4 Conclusion and Future Works

In this paper, an approach able to define a new ontological model in order to merge the knowledge of user and product domains is proposed. After a deep analysis of existing ontology models of these two domains, an overall model to connect user characteristics and goals and product features is developed. About the user model, a structured ontology is defined according to the major reference models available in literature. On the other hand, as a lack of a user-oriented product ontology was detected, a custom model is developed taking a cue from existing domain ontologies.

To test the goodness of this approach, an experimental evaluation is carried out with 100 users, splitting them in a training and validation set (80) and a test set (20).

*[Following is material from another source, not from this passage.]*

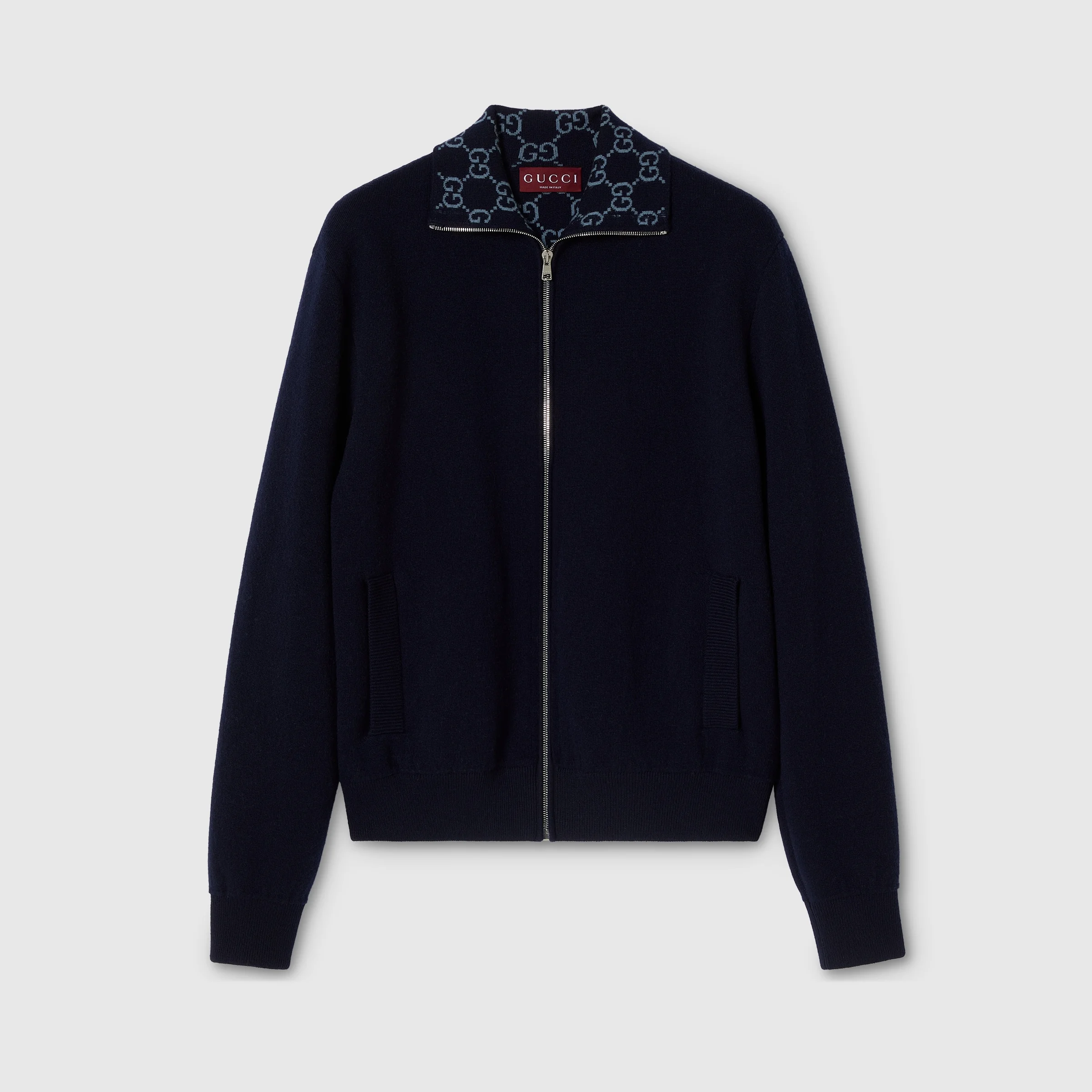 The distinctive GG is translated across different textile techniques in the collection, offering visual richness. Crafted from blue knit double wool, this zip jacket features the GG motif inside. - Blue knit double wool with GG inside - Stand up collar - Front pockets - Rib trim - Long sleeves - Front zip closure - Length: 26.7"; based on a size M

The evaluation shows two mean outcomes:

  • The “a priori” assumptions are confirmed in the training step;

  • The “weights” derived from the training session have shown a good accuracy, except for two critical goals.

The results show the need to improve the training phase in order to tune the weight parameters, resolve the observed issues and create a knowledge model able to keep a high degree of accuracy and reliability.

This work is a deep revision of the ontological model marginally presented in [38]: in this context, such a model can be used to build a user-oriented search engine able to propose to customers results that best fit their needs and goals, exploiting the user information from cookie profile, avoiding intrusive advertising banners, and finally increasing the overall user experience in the searching activity.

The future works will include a deep integration with the cited search engine system and a consequential user validation in a web-based application.